What the task requires: From the first line of the listing to the last, set down everything exactly, but skip the images.

Provided material:
※

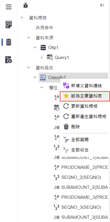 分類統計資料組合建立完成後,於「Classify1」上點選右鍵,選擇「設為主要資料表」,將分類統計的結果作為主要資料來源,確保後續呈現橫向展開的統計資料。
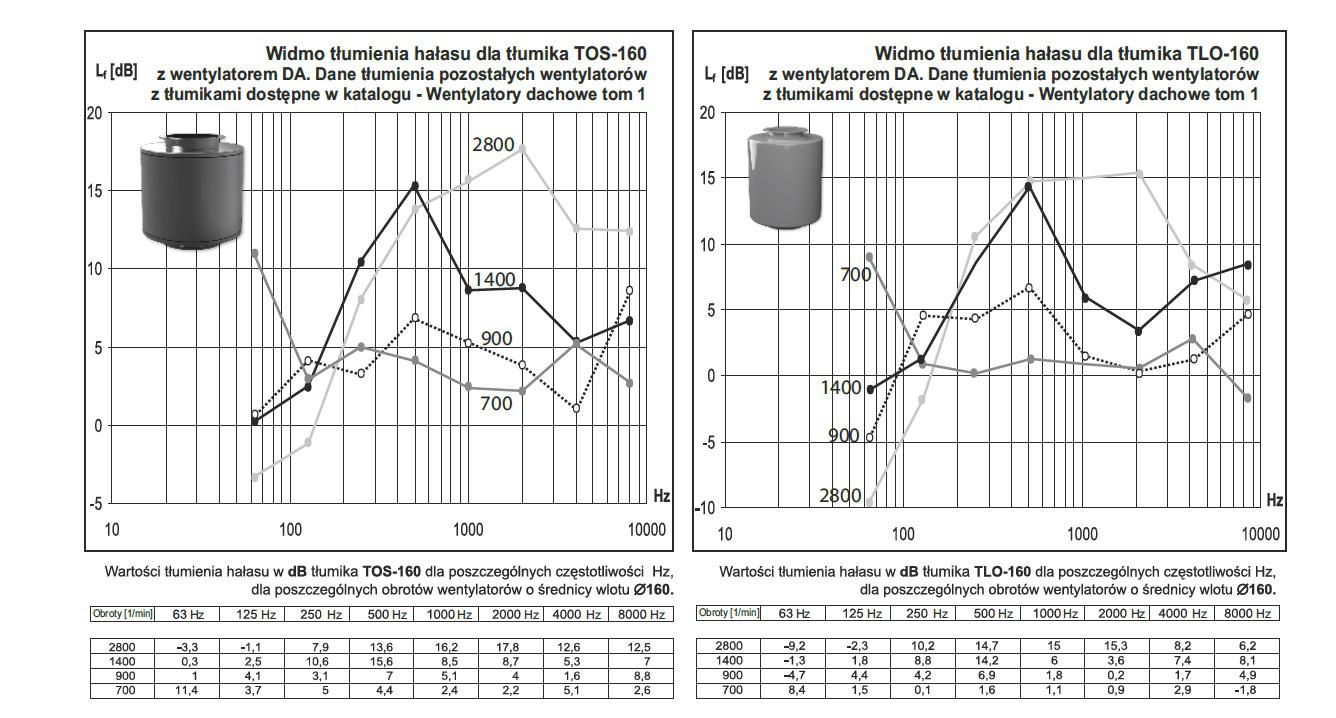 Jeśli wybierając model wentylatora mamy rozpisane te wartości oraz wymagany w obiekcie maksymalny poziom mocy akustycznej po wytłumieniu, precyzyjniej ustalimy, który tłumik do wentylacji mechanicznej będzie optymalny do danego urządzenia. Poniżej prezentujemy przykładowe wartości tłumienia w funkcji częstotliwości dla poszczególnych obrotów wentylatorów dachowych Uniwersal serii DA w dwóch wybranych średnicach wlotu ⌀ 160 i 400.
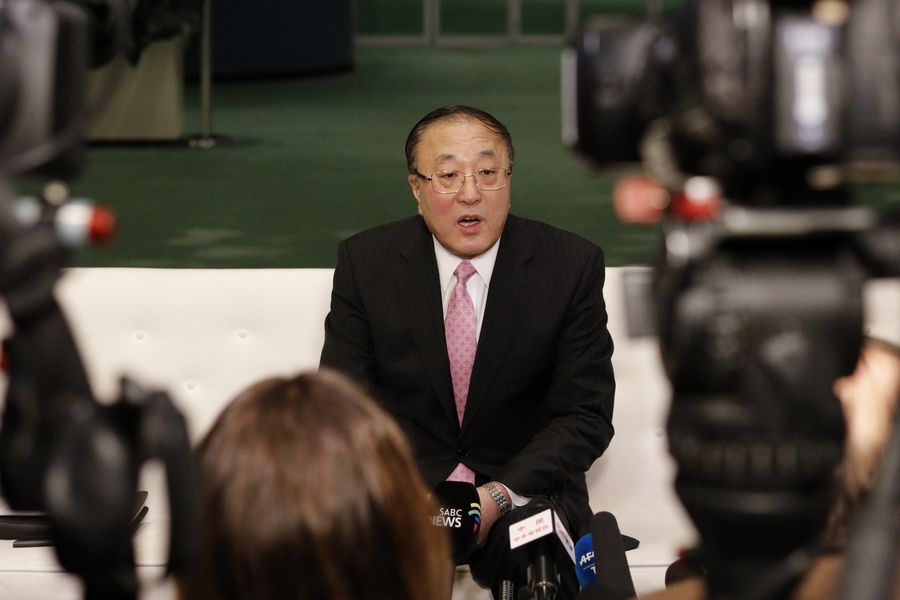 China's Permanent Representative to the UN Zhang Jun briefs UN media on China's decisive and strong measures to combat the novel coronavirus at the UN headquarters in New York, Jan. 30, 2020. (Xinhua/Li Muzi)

※

Exercise answer:
 分類統計資料組合建立完成後,於「Classify1」上點選右鍵,選擇「設為主要資料表」,將分類統計的結果作為主要資料來源,確保後續呈現橫向展開的統計資料。
 Jeśli wybierając model wentylatora mamy rozpisane te wartości oraz wymagany w obiekcie maksymalny poziom mocy akustycznej po wytłumieniu, precyzyjniej ustalimy, który tłumik do wentylacji mechanicznej będzie optymalny do danego urządzenia. Poniżej prezentujemy przykładowe wartości tłumienia w funkcji częstotliwości dla poszczególnych obrotów wentylatorów dachowych Uniwersal serii DA w dwóch wybranych średnicach wlotu ⌀ 160 i 400.
 China's Permanent Representative to the UN Zhang Jun briefs UN media on China's decisive and strong measures to combat the novel coronavirus at the UN headquarters in New York, Jan. 30, 2020. (Xinhua/Li Muzi)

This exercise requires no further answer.